═════ Records shown

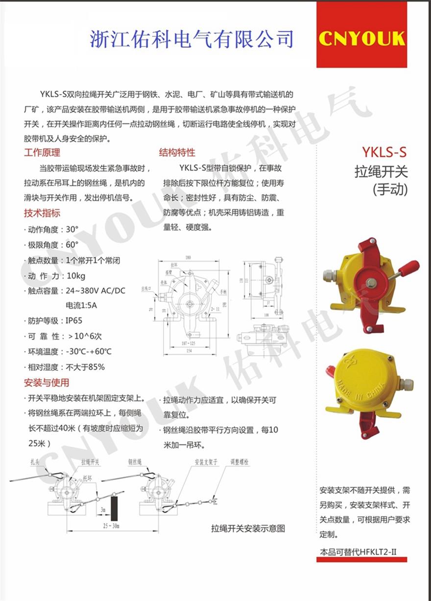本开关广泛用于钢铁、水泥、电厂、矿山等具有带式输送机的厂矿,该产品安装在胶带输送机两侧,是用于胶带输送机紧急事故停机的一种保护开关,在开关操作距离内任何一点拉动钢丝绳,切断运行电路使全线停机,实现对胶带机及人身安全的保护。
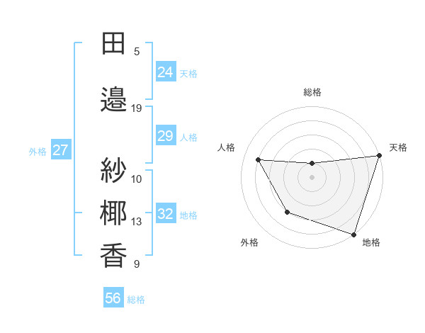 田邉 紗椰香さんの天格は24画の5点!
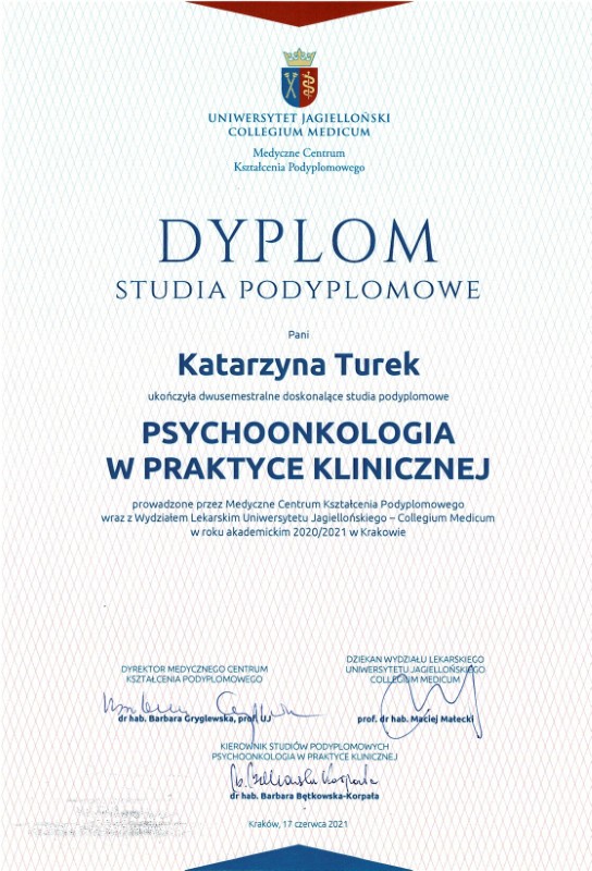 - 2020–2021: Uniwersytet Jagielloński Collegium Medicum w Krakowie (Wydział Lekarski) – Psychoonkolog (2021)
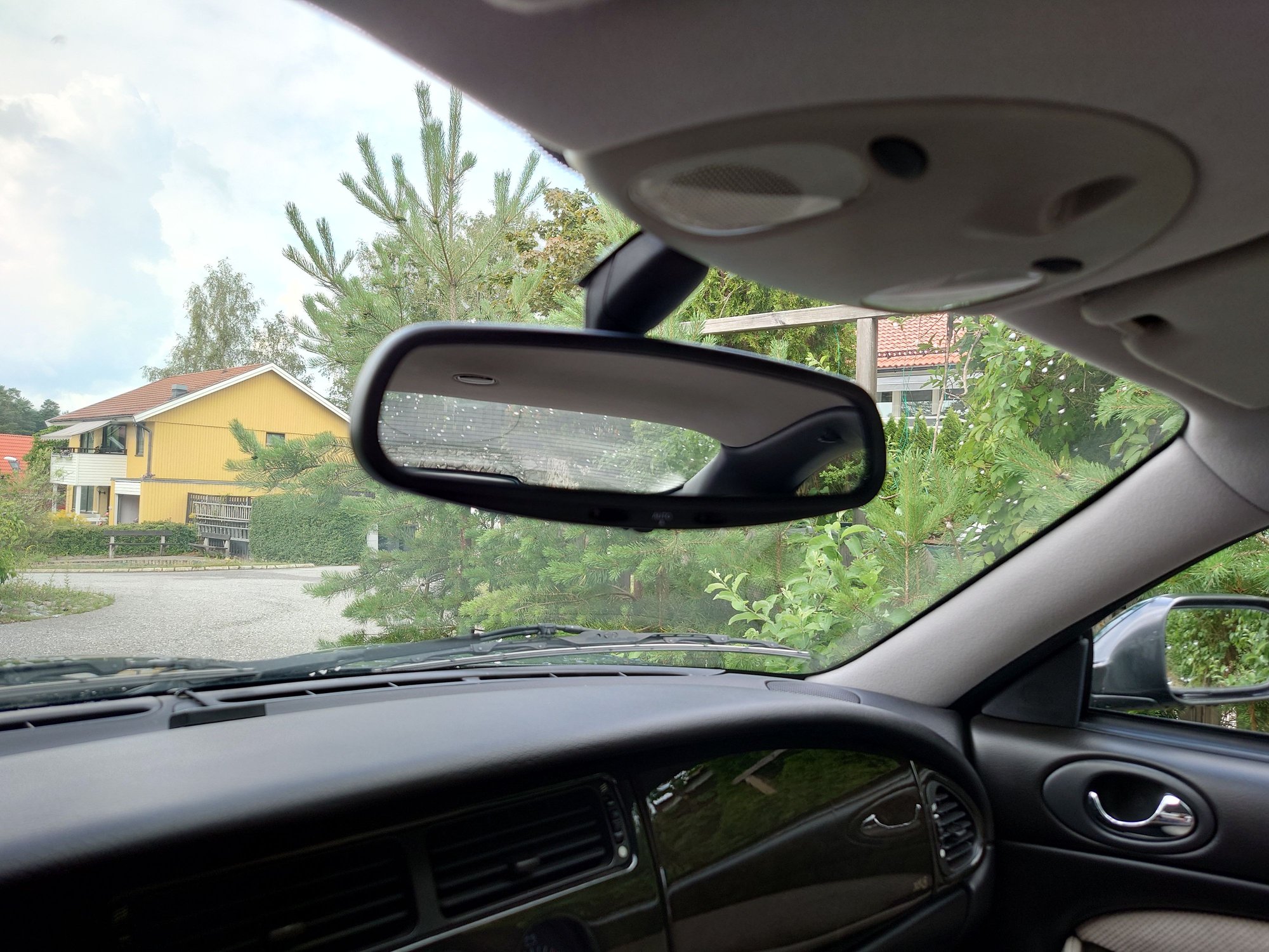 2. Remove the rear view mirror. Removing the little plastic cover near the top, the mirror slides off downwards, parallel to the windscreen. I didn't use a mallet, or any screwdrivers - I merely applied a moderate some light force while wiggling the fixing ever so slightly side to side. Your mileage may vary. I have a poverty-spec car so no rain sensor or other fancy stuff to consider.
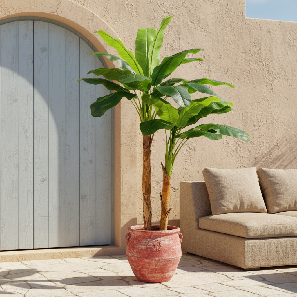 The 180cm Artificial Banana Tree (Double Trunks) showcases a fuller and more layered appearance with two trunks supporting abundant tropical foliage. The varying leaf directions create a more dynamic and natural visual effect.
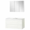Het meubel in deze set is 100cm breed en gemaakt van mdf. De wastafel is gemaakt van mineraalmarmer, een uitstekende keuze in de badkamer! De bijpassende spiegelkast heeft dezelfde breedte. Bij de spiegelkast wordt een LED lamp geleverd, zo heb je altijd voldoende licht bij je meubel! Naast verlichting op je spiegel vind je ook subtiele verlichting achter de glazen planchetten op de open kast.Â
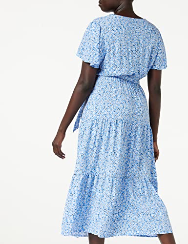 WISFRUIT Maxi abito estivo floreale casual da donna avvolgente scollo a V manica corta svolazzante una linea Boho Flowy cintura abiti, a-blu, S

══════════

> **Problem**
From the records above, give again only the part that opens with the line containing "- 2020–2021: Uniwersytet" and closes with the line containing "2. Remove the". Keep both ends but drop the pictures.

> **Answer to this task**
 - 2020–2021: Uniwersytet Jagielloński Collegium Medicum w Krakowie (Wydział Lekarski) – Psychoonkolog (2021)
 2. Remove the rear view mirror. Removing the little plastic cover near the top, the mirror slides off downwards, parallel to the windscreen. I didn't use a mallet, or any screwdrivers - I merely applied a moderate some light force while wiggling the fixing ever so slightly side to side. Your mileage may vary. I have a poverty-spec car so no rain sensor or other fancy stuff to consider.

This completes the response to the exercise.